• **Data**:
——————————

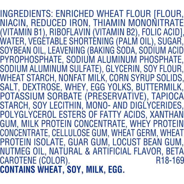 Enriched Wheat Flour [flour, Niacin, Reduced Iron, Thiamin Mononitrate (vitamin B1), Riboflavin (vitamin B2), Folic Acid], Water, Vegetable Shortening (palm Oil), Sugar, Vegetable Oil (soybean), Glycerin, Leavening (baking Soda, Sodium Acid Pyrophosphate, Sodium Aluminum Phosphate, Sodium Aluminum Sulfate), Soy Flour, Wheat Starch, Nonfat Milk, Corn Syrup Solids, Salt, Dextrose, Whey, Egg Yolks, Buttermilk, Tapioca Starch, Soy Lecithin, Mono- And Diglycerides, Polyglycerol Esters Of Fatty Acids, Xanthan Gum, Milk Protein Concentrate, Whey Protein Concentrate, Cellulose Gum, Potassium Sorbate (preservative), Wheat Germ, Wheat Protein Isolate, Guar Gum, Locust Bean Gum, Nutmeg Oil, Natural & Artificial Flavor, Beta Carotene (color).
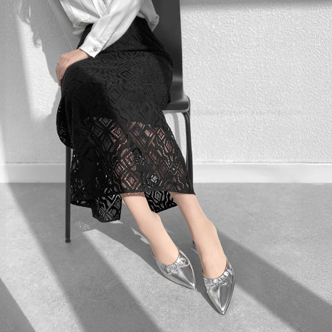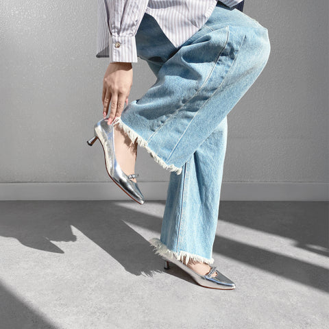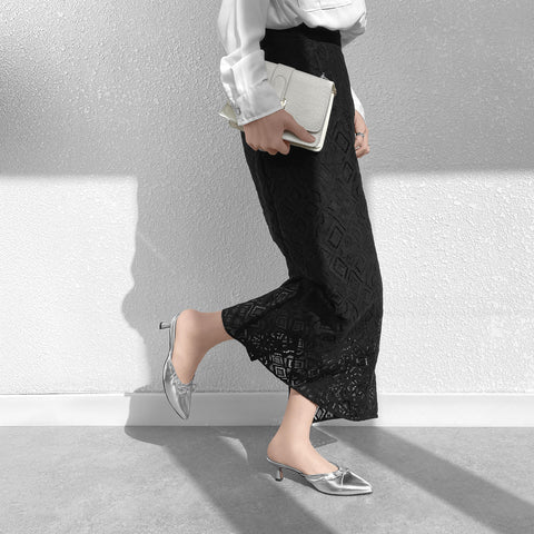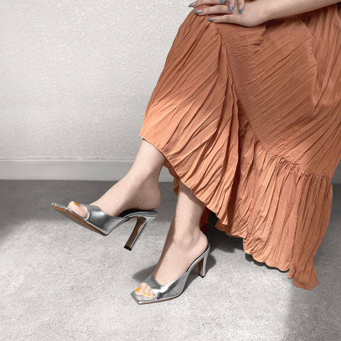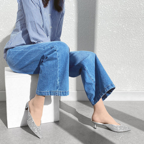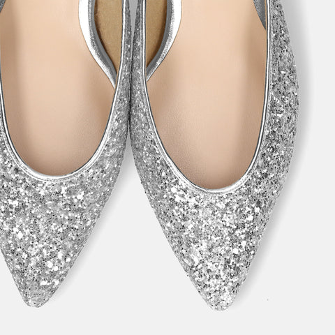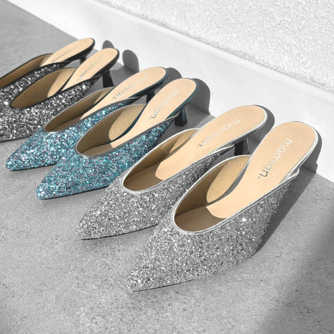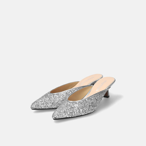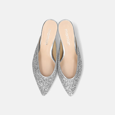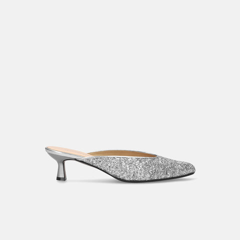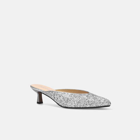 2025SS:グリッター ミュールパンプス(m45015)シルバーグリッター
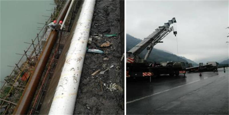 2018年11月13日,我公司接到該應急任務后,立即組織技術人員進行現(xiàn)場考察及施工放樣工作,并于11月18日安排施工人員及機械進場施工。通過科學安排,精心組織,我公司工程人員搶抓工期,克難攻堅,歷時40天,于2018年12月28日下午在雨夾雪中完成了最后一根鋼管的安裝。該工程總共完成波紋管埋置750米,鋼管安設350米。目前,黃泥崗主體工程任務已保質(zhì)保量按期完成。

——————————

• **What you are asked to do**:
Would you copy each line above exactly as given, dropping any images?

• **Written answer**:
 Enriched Wheat Flour [flour, Niacin, Reduced Iron, Thiamin Mononitrate (vitamin B1), Riboflavin (vitamin B2), Folic Acid], Water, Vegetable Shortening (palm Oil), Sugar, Vegetable Oil (soybean), Glycerin, Leavening (baking Soda, Sodium Acid Pyrophosphate, Sodium Aluminum Phosphate, Sodium Aluminum Sulfate), Soy Flour, Wheat Starch, Nonfat Milk, Corn Syrup Solids, Salt, Dextrose, Whey, Egg Yolks, Buttermilk, Tapioca Starch, Soy Lecithin, Mono- And Diglycerides, Polyglycerol Esters Of Fatty Acids, Xanthan Gum, Milk Protein Concentrate, Whey Protein Concentrate, Cellulose Gum, Potassium Sorbate (preservative), Wheat Germ, Wheat Protein Isolate, Guar Gum, Locust Bean Gum, Nutmeg Oil, Natural & Artificial Flavor, Beta Carotene (color).
 2025SS:グリッター ミュールパンプス(m45015)シルバーグリッター
 2018年11月13日,我公司接到該應急任務后,立即組織技術人員進行現(xiàn)場考察及施工放樣工作,并于11月18日安排施工人員及機械進場施工。通過科學安排,精心組織,我公司工程人員搶抓工期,克難攻堅,歷時40天,于2018年12月28日下午在雨夾雪中完成了最后一根鋼管的安裝。該工程總共完成波紋管埋置750米,鋼管安設350米。目前,黃泥崗主體工程任務已保質(zhì)保量按期完成。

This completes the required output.